# MATERIAL FOR THIS TASK
= Beginning of Section =
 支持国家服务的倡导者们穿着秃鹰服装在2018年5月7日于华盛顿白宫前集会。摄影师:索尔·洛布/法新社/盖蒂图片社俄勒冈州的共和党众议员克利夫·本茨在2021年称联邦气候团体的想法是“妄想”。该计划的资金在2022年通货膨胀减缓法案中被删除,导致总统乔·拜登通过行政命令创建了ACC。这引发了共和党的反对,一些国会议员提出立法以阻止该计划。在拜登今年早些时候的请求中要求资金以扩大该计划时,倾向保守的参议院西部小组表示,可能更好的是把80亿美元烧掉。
= End of Section =
= Beginning of Section =
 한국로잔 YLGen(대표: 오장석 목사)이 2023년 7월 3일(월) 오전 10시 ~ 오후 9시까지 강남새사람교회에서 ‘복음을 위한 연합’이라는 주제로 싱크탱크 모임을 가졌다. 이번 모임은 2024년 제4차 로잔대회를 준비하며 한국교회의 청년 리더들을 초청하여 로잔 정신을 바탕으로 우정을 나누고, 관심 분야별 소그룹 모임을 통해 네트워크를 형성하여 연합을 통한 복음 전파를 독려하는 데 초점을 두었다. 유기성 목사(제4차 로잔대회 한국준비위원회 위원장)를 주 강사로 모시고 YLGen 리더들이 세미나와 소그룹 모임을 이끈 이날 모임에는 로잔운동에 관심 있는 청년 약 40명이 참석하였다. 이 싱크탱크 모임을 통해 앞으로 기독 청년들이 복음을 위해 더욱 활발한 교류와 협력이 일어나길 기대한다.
= End of Section =
= Beginning of Section =
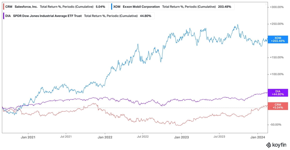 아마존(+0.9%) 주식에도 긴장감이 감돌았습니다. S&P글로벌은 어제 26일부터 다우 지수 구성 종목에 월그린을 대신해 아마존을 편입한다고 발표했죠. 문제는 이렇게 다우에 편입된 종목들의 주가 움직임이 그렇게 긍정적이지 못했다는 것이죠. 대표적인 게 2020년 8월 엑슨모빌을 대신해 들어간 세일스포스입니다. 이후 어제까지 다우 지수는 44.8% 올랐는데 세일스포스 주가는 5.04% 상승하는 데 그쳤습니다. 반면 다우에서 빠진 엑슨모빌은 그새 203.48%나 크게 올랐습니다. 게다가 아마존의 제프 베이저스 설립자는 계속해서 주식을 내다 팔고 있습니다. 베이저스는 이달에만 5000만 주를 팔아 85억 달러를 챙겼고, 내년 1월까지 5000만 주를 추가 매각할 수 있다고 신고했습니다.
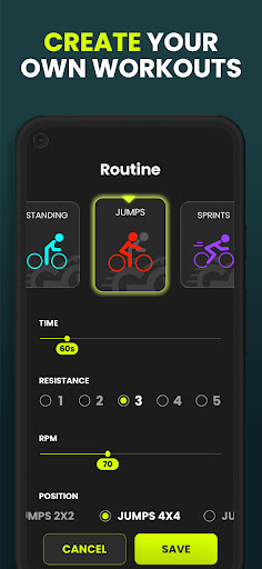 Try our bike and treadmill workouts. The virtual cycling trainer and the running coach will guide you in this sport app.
= End of Section =
# HOW TO COMPLETE THIS TASK
In the listing above, find the line with "아마존(+0.9%) 주식에도 긴장감이" and the line with "Try our bike". Transcribe those two and everything between, exactly, leaving out pictures.

# RESPONSE
 아마존(+0.9%) 주식에도 긴장감이 감돌았습니다. S&P글로벌은 어제 26일부터 다우 지수 구성 종목에 월그린을 대신해 아마존을 편입한다고 발표했죠. 문제는 이렇게 다우에 편입된 종목들의 주가 움직임이 그렇게 긍정적이지 못했다는 것이죠. 대표적인 게 2020년 8월 엑슨모빌을 대신해 들어간 세일스포스입니다. 이후 어제까지 다우 지수는 44.8% 올랐는데 세일스포스 주가는 5.04% 상승하는 데 그쳤습니다. 반면 다우에서 빠진 엑슨모빌은 그새 203.48%나 크게 올랐습니다. 게다가 아마존의 제프 베이저스 설립자는 계속해서 주식을 내다 팔고 있습니다. 베이저스는 이달에만 5000만 주를 팔아 85억 달러를 챙겼고, 내년 1월까지 5000만 주를 추가 매각할 수 있다고 신고했습니다.
 Try our bike and treadmill workouts. The virtual cycling trainer and the running coach will guide you in this sport app.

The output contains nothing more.